By Denise Roland
A group of cancer experts voted unanimously on Wednesday to
support U.S. regulatory approval for a first-of-its kind gene
therapy targeting an aggressive form of leukemia that occurs in
children and young adults.
The treatment, called CTL019 and developed by Swiss drug company
Novartis AG, works by modifying a patient's own immune cells to
make them more effective at hunting down and killing tumor cells.
It involves removing some of the patient's blood and genetically
modifying the T-cells, a type of immune cell, before
re-infusion.
A Food and Drug Administration advisory committee, which
comprises a group of cancer experts from across the U.S., voted 10
to 0 that the therapy had a favorable risk-benefit balance, meaning
that its positive effects outweigh its safety risks. The question
of risk-benefit balance is widely seen as a proxy for whether the
FDA should approve the treatment.
"This is a major advance and is ushering in a new era of
treating children with" severe leukemia, said committee member
Malcolm A. Smith, who is associate branch chief for pediatric
oncology at the National Cancer Institute.

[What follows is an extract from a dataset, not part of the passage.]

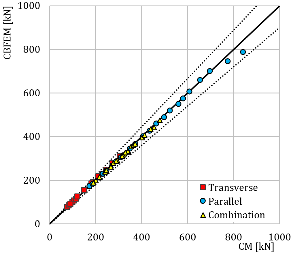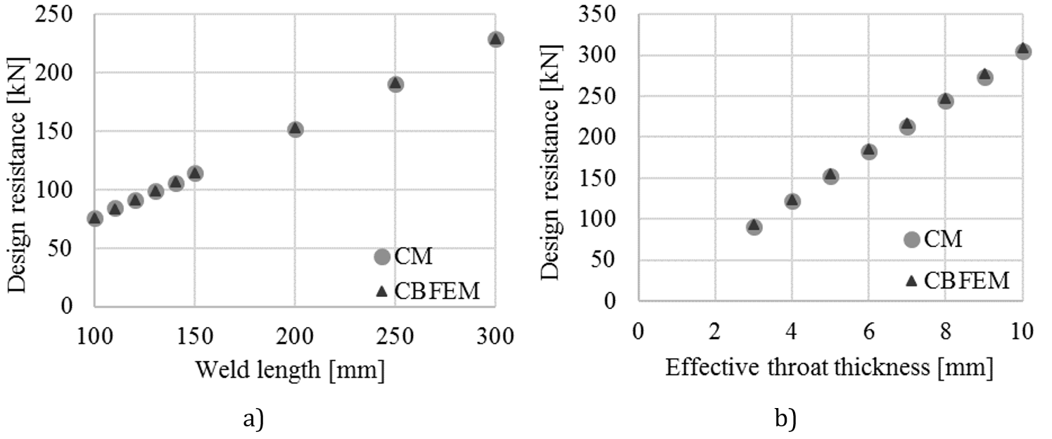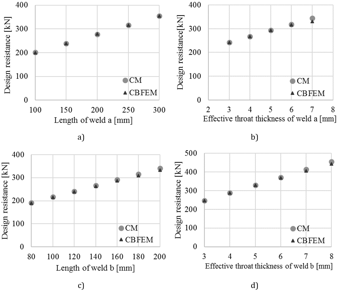 Results of CBFEM and CM are compared, and a sensitivity study is presented. The influence of weld length and effective throat thickness on the design resistance of the transverse weld, parallel welds, and a combination of both welds is shown in Fig. 4.1.3, 4.1.4, and 4.1.5, respectively. The sensitivity study shows good agreement for all weld configurations.

The FDA isn't required to follow the advice of such advisory
panels, but it generally does so. Analysts expect the FDA to issue
a final decision by the end of September.
The therapy holds out the promise of a significant advance in
the treatment of children and young adults with a form of blood
cancer known as B-cell acute lymphoblastic leukemia. It is also the
first in a series of new treatments facing FDA review that use
genetically modified T-cells.
For Novartis, FDA approval would open a potentially big, new
revenue stream. Jefferies analysts estimate the therapy could bring
in $850 million in annual sales by 2021.
Novartis has said that in a clinical trial, 52 of 63
participants who received the treatment were cancer-free after
three months. The patients in the study had either failed to
respond to standard therapies, or relapsed.
Most children and young adults with this form of leukemia are
treated using existing methods such as chemotherapy, radiotherapy
and bone-marrow transplants.
But the roughly 1 in 7 patients who don't respond to standard
treatment, or suffer a relapse, have typically had only a 10% to
20% chance of survival, according to Rajesh Chopra, head of cancer
therapeutics at the Institute of Cancer Research in London. The
Novartis therapy raises that to about 80%. "That's big," he said.
Dr. Chopra isn't involved in the study.
Timothy P. Cripe, an advisory committee member and pediatric
oncologist, said the Novartis therapy was "the most exciting thing
I've seen in my lifetime and probably since" advances in the
treatment of childhood leukemia in the 1950s.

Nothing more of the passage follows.